I wrote them back saying I wouldn’t provide a quote at this time, but would have a call with them to explain why, and give them ammunition to continue shopping SEO around.
The problem was they were asking for outdated SEO tactics to be included. I knew it would get them nowhere fast, and relationships and reputation matter more to me than money.
Here is part of my exact reply.
Why “package”-based SEO usually means you’re oversold or under-delivered
A better approach to targeting minimum word counts in blog posts
Why 300-500 word count is low and has little SEO value, so why bother?
Even if we don’t engage in SEO, I’m happy to just give you ammunition as you shop around.
Then, depending on how that conversation goes, I can give you a formal proposal.
On the call I didn’t pitch SEO National’s services once. Instead, I gave them the ammunition that I promised to help them make educated decisions as they explore SEO possibilities, including shopping quotes from other SEO companies.

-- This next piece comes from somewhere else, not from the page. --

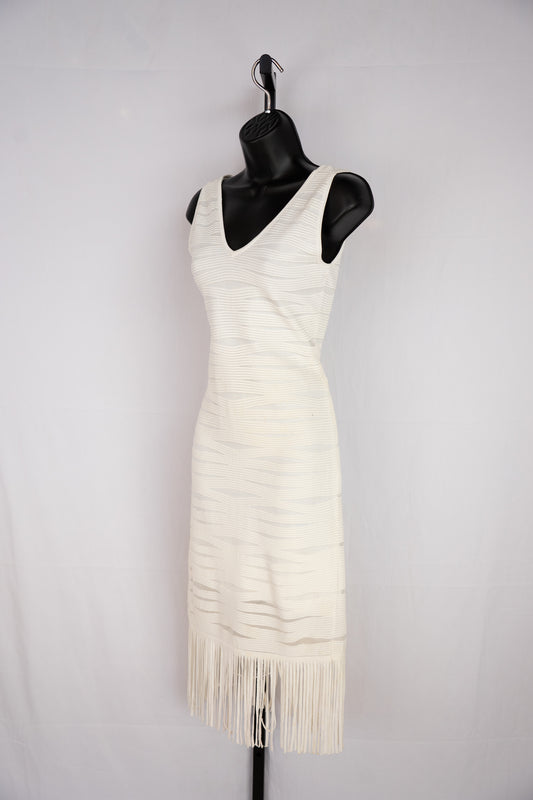 Parker White Stripe Textured Sleeveless Midi Dress w Fringe Hem

They even asked if I can guarantee results. I told them no. But I could tell them to optimistically expect positive results based on my track record. And I gave clear case studies and data to back up what I was saying.
I gave them the reassurance they were after with the “guarantee” question, but I did it honestly and morally.
Not even 12 hours later, at 6:55 am the next day, they asked for a formal proposal. Not only that, they addressed very specific things they picked up as I was helping them on yesterday’s call, which helps me better help them.
SEO and internet marketing in general is full of excessive promises, big sales pitches, and constant under-delivery. Don’t fall for that, and don’t be that.
Trust your gut, and if you’re on the other side of the negotiations, be the person you’d want to do business with.